- Location of Wollaberg
- Wollaberg Wollaberg
- Coordinates: 48°43′20.11″N 13°40′18.34″E﻿ / ﻿48.7222528°N 13.6717611°E
- Country: Germany
- State: Bavaria
- Admin. region: Niederbayern
- District: Freyung-Grafenau
- Municipality: Jandelsbrunn
- Elevation: 769 m (2,523 ft)

Population (2006-12-31)
- • Total: 500
- Time zone: UTC+01:00 (CET)
- • Summer (DST): UTC+02:00 (CEST)
- Postal codes: 94118
- Dialling codes: 08581
- Vehicle registration: FRG
- Website: www.wollaberg.de

= Wollaberg =

Wollaberg is a small town in the district of Freyung-Grafenau in Bavaria in Germany.

== Geography ==
Wollaberg is situated in the southern Bavarian Forest, near the borders with the Czech Republic and Austria, and not far from Passau, often referred to as the gateway to the Bavarian Forest. It lies at an elevation of 769 metres above sea level and has a population of around 500 inhabitants.

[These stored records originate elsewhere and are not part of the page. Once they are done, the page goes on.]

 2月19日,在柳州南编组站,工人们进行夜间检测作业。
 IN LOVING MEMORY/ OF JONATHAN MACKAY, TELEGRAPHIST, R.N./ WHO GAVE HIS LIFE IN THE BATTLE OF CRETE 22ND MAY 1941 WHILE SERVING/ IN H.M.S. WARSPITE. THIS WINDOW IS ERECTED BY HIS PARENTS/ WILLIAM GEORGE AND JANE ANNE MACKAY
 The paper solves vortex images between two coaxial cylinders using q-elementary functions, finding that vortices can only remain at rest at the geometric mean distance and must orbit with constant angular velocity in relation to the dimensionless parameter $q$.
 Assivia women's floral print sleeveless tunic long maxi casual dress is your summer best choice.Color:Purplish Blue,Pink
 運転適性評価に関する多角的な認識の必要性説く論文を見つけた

Wollaberg is one of seven designated “artists’ villages” in the region, and the local population is predominantly Catholic.

==History==
===Theories behind the name Wollaberg===
There are several theories for the name Wollaberg.

The name Wollaberg may point to a Roman origin because the local Teuton inhabitants called the Romans Walschen or Walchen. This hypothesis was proposed by Georg Brand, pastor in Wollaberg from 1893 to 1903. However, Wollaberg is situated outside the boundaries of the former Roman Empire. Perhaps scattered Romans settled here when the Roman Empire collapsed.

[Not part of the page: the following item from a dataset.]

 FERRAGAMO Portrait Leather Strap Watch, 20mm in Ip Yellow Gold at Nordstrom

Alternatively, Wollaberg could come from wallern (wallfahren), which one can rather assume. Probably already in the 12th century a little church stood on the Wollaberg. Freyung church bills mention pilgrimages since 1591 and especially in the year of plague 1599 "when they went to Wallenperg".

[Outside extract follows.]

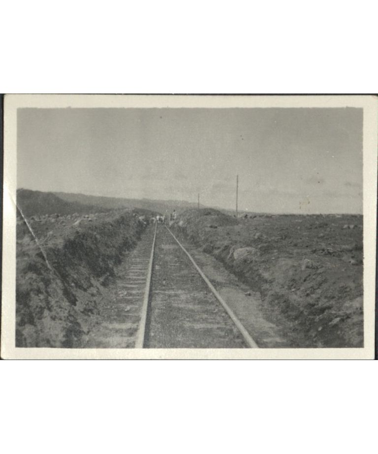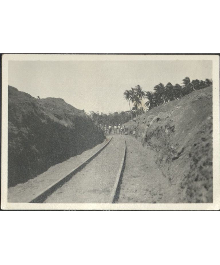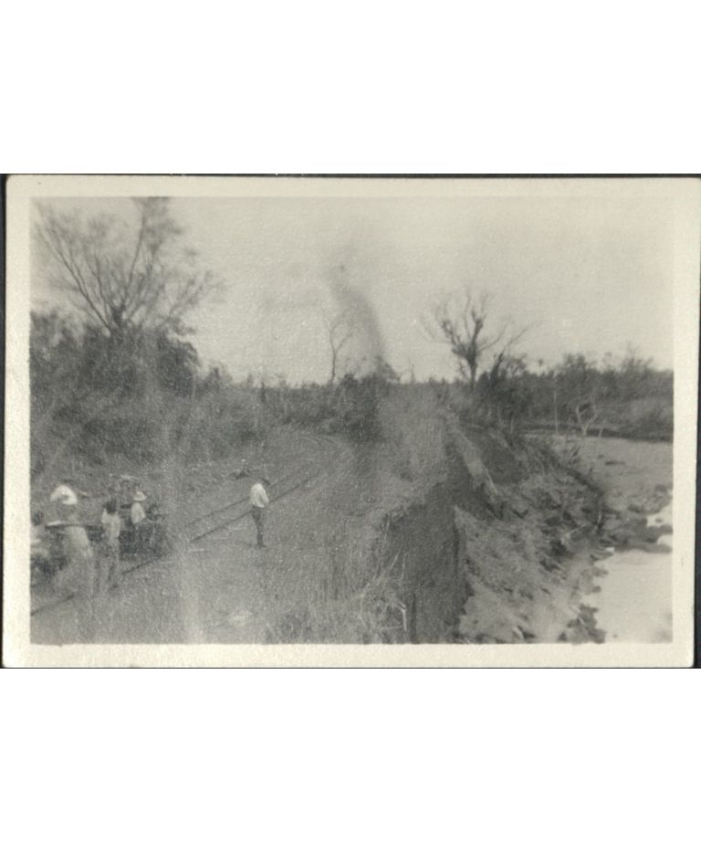 [Untitled - Men inspect railroad tracks barely missed by flood or landslide erosion].

Another theory was pursued by Wollaberg-born prelate Dr. Schmöller. He considered that Wollaberg was formed from the surrounding villages around 1257, because at that time this area was given by the Bishop of Passau, Otto von Lonsdorf, as a fief to the nearby castles to pay his war debt. Therefore, the owners of these castles tried as soon as possible to settle in this area in order to gain income themselves from tithes and rents.